CGU wins its case
The moral of the story is: always check with the insurer before paying compensation. AMP won’t be making that mistake again, and it has a $3.24 million reminder on its balance sheet.
The High Court decision handed down last week found CGU was not liable for payments made to some AMP clients following a scandal over poor advice in 1999.
AMP advisers Ashok Pal and Anthony Howarth recommended that investors place their money with Hibiscus Spa, which was in deep financial strife at the time. Mr Pal was a director of the failing spa manufacturer.
Under pressure from the Australian Securities and Investments Commission (ASIC) to settle the resultant investor complaints, AMP paid out $3.24 million to 47 retail investors in an enforceable undertaking. It then made a claim on its professional indemnity (PI) policy with CGU.
But the insurer argued the payments were hasty and made before it had agreed on its liability. The full bench of the Federal Court accepted an AMP appeal, but the High Court agreed with the original Federal Court decision.

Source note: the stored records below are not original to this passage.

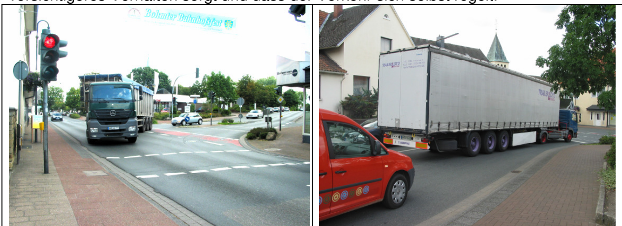
Abb. 1 – 2: Speziell in Bohmte erhofft man sich vom Shared-Space-Projekt u. a., dass der Durchgangsverkehr mit gegenwärtig mehr als 12000 Fahrzeugen pro Tag und hohem Schwerlastverkehr-Anteil die Gemeinde stärker meidet und weiträumig umfährt.

Zu diesem Zweck werden aus Straße, Gehweg, Innenhöfen, Gärten und Grünanlagen möglichst großflächige, einheitlich gepflasterte Platzsituationen geschaffen, die dann von allen Verkehrsteilnehmern gemeinsam genutzt werden können. Verkehrsschilder und Fußgängerinseln werden entfernt, Lichtsignalanlagen durch kreisverkehrähnliche Gestaltungen ersetzt. Erwartet wird, dass die dadurch bei den Verkehrsteilnehmern erzeugte Unsicherheit für ein rücksichtsvolleres und vorsichtigeres Verhalten sorgt und dass der Verkehr sich selbst regelt.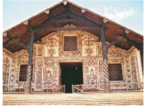
Iglesia de San Miguel

Los trabajadores agrícolas tenían a su cargo la producción de cereales para su alimentación, las mujeres, se ocuparon de los textiles, los artesanos y constructores se encargaban del material para la construcción de obras, tales como el majestuoso templo en honor al Arcángel San Miguel.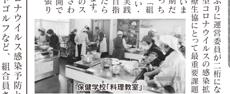
保健学校「料理教室」

今期は久しぶりに運営委員が二桁になりました。新型コロナウイルスの感染拡大防止は、医療生協にとって最重要課題と受け止めて、こんな時期だけに「独りぼっちを作らない」「組合員の助け合い、絆を強く」を実践できる支部を目指して活動できたと思います。新体制で支部のスムーズに展開できるように頑張りたいです。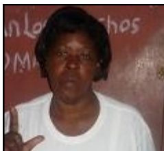
Por: Amparo M. Morejón Díaz

El gobierno de los hermanos Castro durante más de cincuenta años ha alardeado y engañado a todo el mundo con, según ellos los logros de la revolución, dentro de estos se incluye la salud pública, la que esta a nivel de países desarrollados.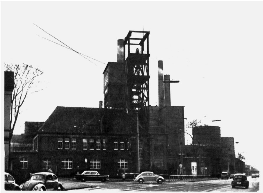
Abb. 7: Die zentrale Evinger Kreuzung in den 1960er Jahren: Evings Mitte war die Zeche.

baulichen Mangel: das Fehlen einer Ortsmitte. Individueller wie kollektiver Bezugspunkt der über 100jährigen räumlichen Entwicklung waren Zeche und Kokerei gewesen, um die sich Industrievororte lagerten, die ungeplant einen ländlichen Raum überformten.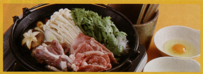
【比内地鶏の卵で食べる秋田由利牛と桜将マガモのすき焼き】 一人前 (税込み) ¥1,000 すきすきビーフ(ム)！君のハートにダック(ジャスト)ミート！！ ランチ、ディナー各10食限定 ご注文は2名様から

●Tel.018-825-1180 ●ランチ(平日) 11:00~15:00 (L.O14:30) (土・日・祝) 11:00~17:00 (L.O16:30) ●ディナー/17:00~23:00 (L.O22:30) ●年中無休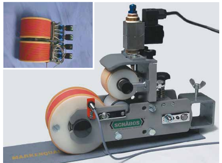
KODIER 51 Signierdruckwerk mit Dosierschaltung

Farben, Klischees und Verbrauchsmaterialien finden Sie auf den nachfolgenden Seiten.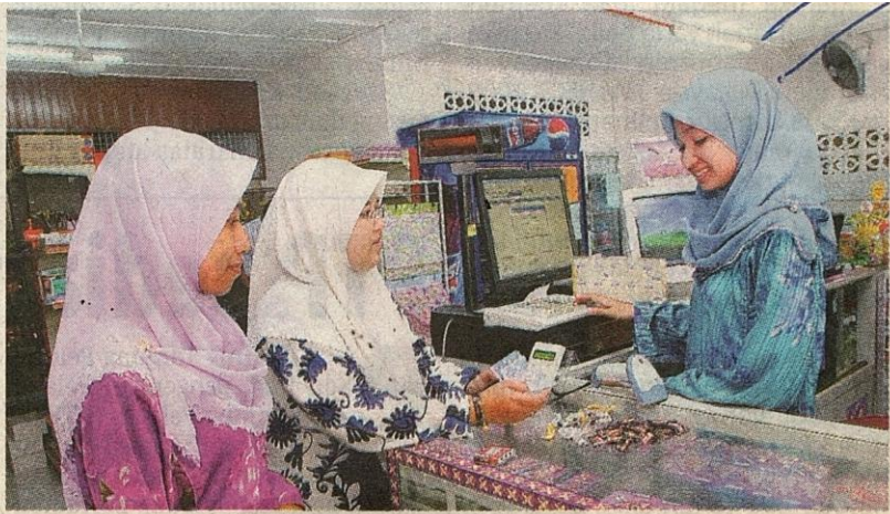
KEMUDAHAN: Kedai serba nika dengan pelbagai keperluan pelajar disediakan.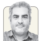
محمد جواد روح

یک روز پس از قطعی شدن انتصاب نخستین معاون اهل سنت که همزمان با انتصاب یک استاندار اهل سنت دیگر این بار برای سیستان و بلوچستان در دولت مسعود پزشکیان بود، رئیس‌جمهور راهی قم شد تا با مراجع تقلید شیعه دیدار کند؛ مراجع تقلیدی که پزشکیان با آنان دیدار کرد، از فقهایی هستند که عموماً گرایش‌های سنتی‌مذهب شیعه را نمایندگی می‌کنند. از این‌رو، چنین دیداری پس از آن انتصابات که با استقبال علمای اهل سنت از جمله مولوی عبدالحمید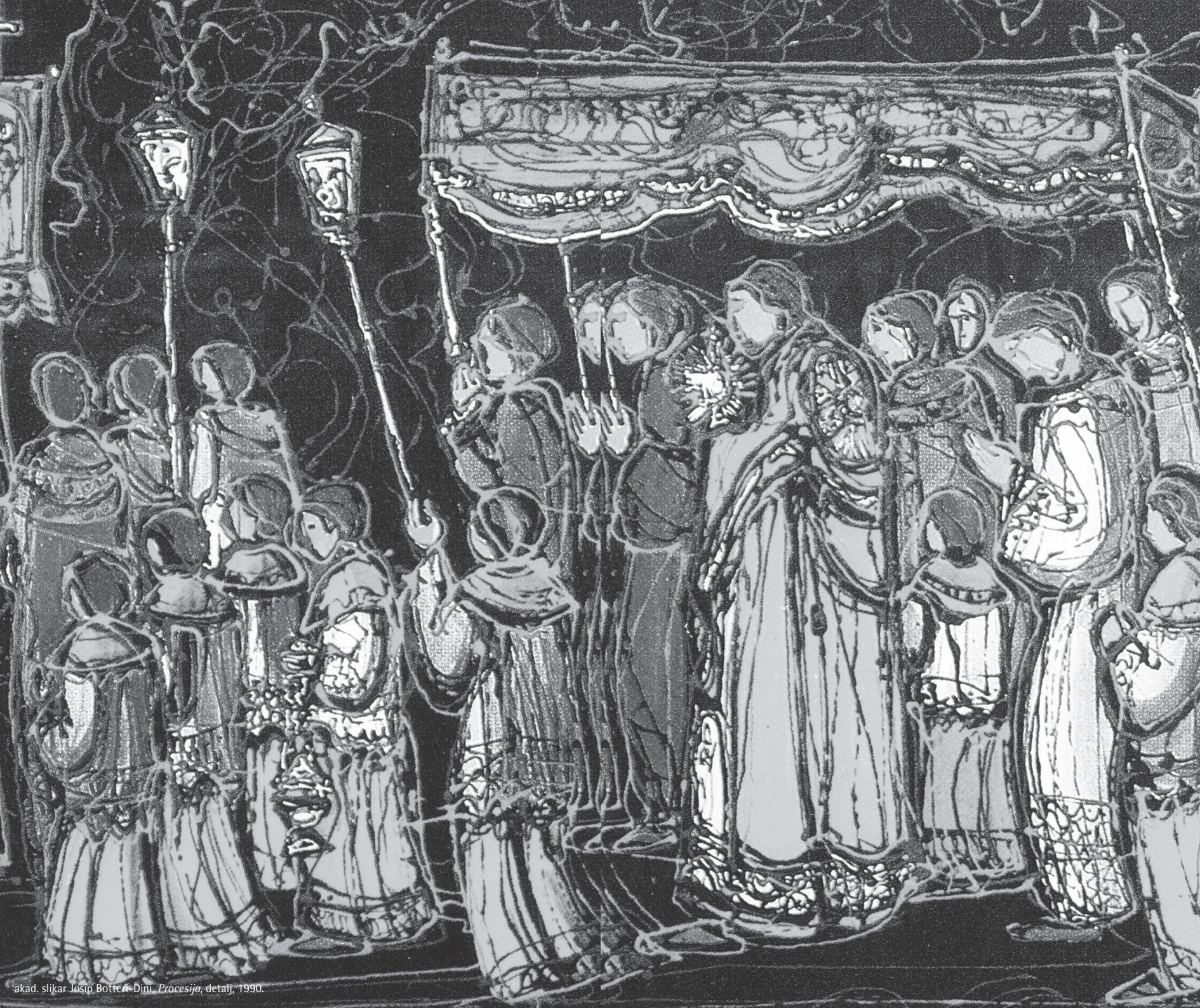
akad. slikar Josip Botten - Dini, Procesija , detalj, 1990.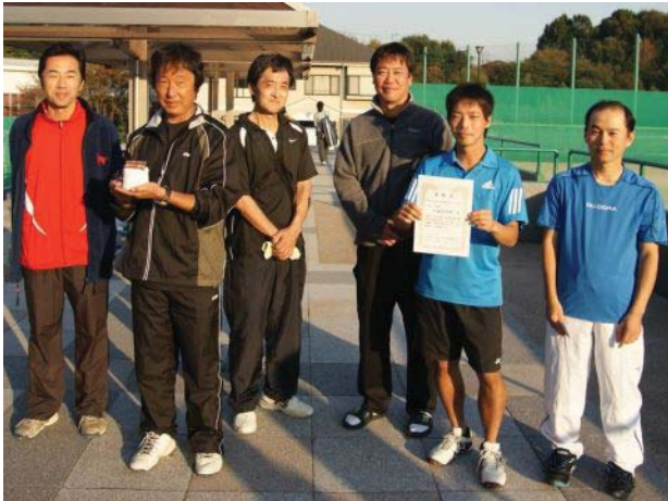
男子三位 大和市役所A (大和市)

The four to one judgement found AMP had not established by appropriate evidence that the claims were reasonable. It also found CGU did not influence AMP into believing it would not have to prove its liability for any claim relating to Hibiscus Spa.
Ebsworth & Ebsworth partner Tricia Hobson says the decision may have an indirect effect on the way ASIC deals with similar cases in future.
“ASIC may find that an entity is not quite as willing to move so quickly,” she told Sunrise Exchange News. “If a company’s insurance cover is possibly at risk, it may be less likely to take on enforced undertakings on short notice.”